7. The method according to claim 1, wherein the method further comprises:

acquiring an virtual user image corresponding to the target user;

And controlling the virtual user image to send out working state prompt information according to the target working state.

8. The method of claim 7, wherein controlling the avatar to issue the operation state prompt message according to the target operation state comprises:

acquiring face adjustment parameters corresponding to the first working state;

And performing image adjustment on the virtual user image according to the face adjustment parameters, and sending out working state prompt information according to the virtual user image after the image adjustment is controlled by the target working state.

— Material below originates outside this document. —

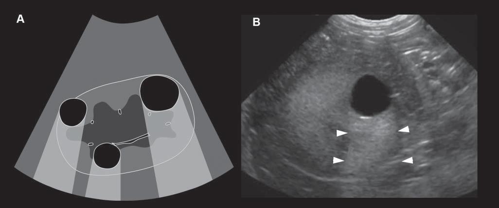 Figure1.15. Enhancement.A: Thisartifactisrepresentedbyazoneofincreasedechogenicity,behindafluid-filledstructure.Onthisschematicdrawing,severalrenalcystsareseenassociatedwithdistalenhancement B: Anexampleofasimilar cystispresentinthisdog,whereitisseenasarounded,well-definedanechoicrenalcystassociatedwithfarenhancement (arrowheads).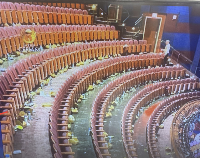 Bajo las butacas donde hace minutos se sentaban los rostros más bellos y caros del planeta, quedaron los restos del festín. Fue una alfombra roja de vasos de plástico, programas arrugados y empaques de snacks (porque, seamos honestos, nadie aguanta tres horas de discursos con el estómago vacío).

9. A digital person-based operating condition determining apparatus, the apparatus comprising:

the image and voice acquisition module is used for acquiring target voice of a target user and a target image corresponding to the target voice when the target voice is sent out when the remote office software is started;

The first working state obtaining module is used for carrying out working state analysis based on the face features corresponding to the target image to obtain a first working state corresponding to the target user; the first working state is a working state corresponding to a plurality of analysis dimensions respectively;

the second working state obtaining module is used for carrying out working state analysis based on the voice characteristics corresponding to the target voice to obtain a second working state corresponding to the target user; the second working state is a working state corresponding to each of the plurality of analysis dimensions;

The target working state determining module is used for calculating the number of states of which the working states are tired in the first working state and the second working state; and when the state quantity is larger than a preset threshold value or the proportion corresponding to the state quantity is larger than a preset proportion, determining that the target working state corresponding to the target user is tired.

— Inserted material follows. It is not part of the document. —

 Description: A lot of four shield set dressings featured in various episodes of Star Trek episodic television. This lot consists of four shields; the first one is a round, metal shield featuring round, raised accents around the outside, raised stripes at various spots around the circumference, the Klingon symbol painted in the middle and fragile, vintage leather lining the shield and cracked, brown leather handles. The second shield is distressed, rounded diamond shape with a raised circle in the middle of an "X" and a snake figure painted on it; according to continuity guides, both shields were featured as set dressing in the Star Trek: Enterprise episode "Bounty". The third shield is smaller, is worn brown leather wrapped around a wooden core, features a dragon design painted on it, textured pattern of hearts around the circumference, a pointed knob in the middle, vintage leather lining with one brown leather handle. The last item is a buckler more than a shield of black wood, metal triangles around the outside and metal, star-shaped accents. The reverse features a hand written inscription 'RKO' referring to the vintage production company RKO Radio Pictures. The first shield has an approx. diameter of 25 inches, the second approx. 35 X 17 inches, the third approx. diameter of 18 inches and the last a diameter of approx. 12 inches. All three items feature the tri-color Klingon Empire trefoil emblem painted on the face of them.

10. The apparatus of claim 9, wherein the first operating state obtaining module is configured to:

11. The apparatus of claim 9, wherein the target image is a plurality of target images, and the first operating state obtaining module is configured to:

12. The apparatus of claim 9, wherein the second operating state obtaining module is configured to:

13. The apparatus of claim 12, further comprising a semantic emotion analysis module for:

14. A computer device comprising a memory and a processor, the memory storing a computer program, characterized in that the processor implements the steps of the method of any one of claims 1 to 8 when the computer program is executed.

15. A computer readable storage medium, on which a computer program is stored, characterized in that the computer program, when being executed by a processor, implements the steps of the method of any of claims 1 to 8.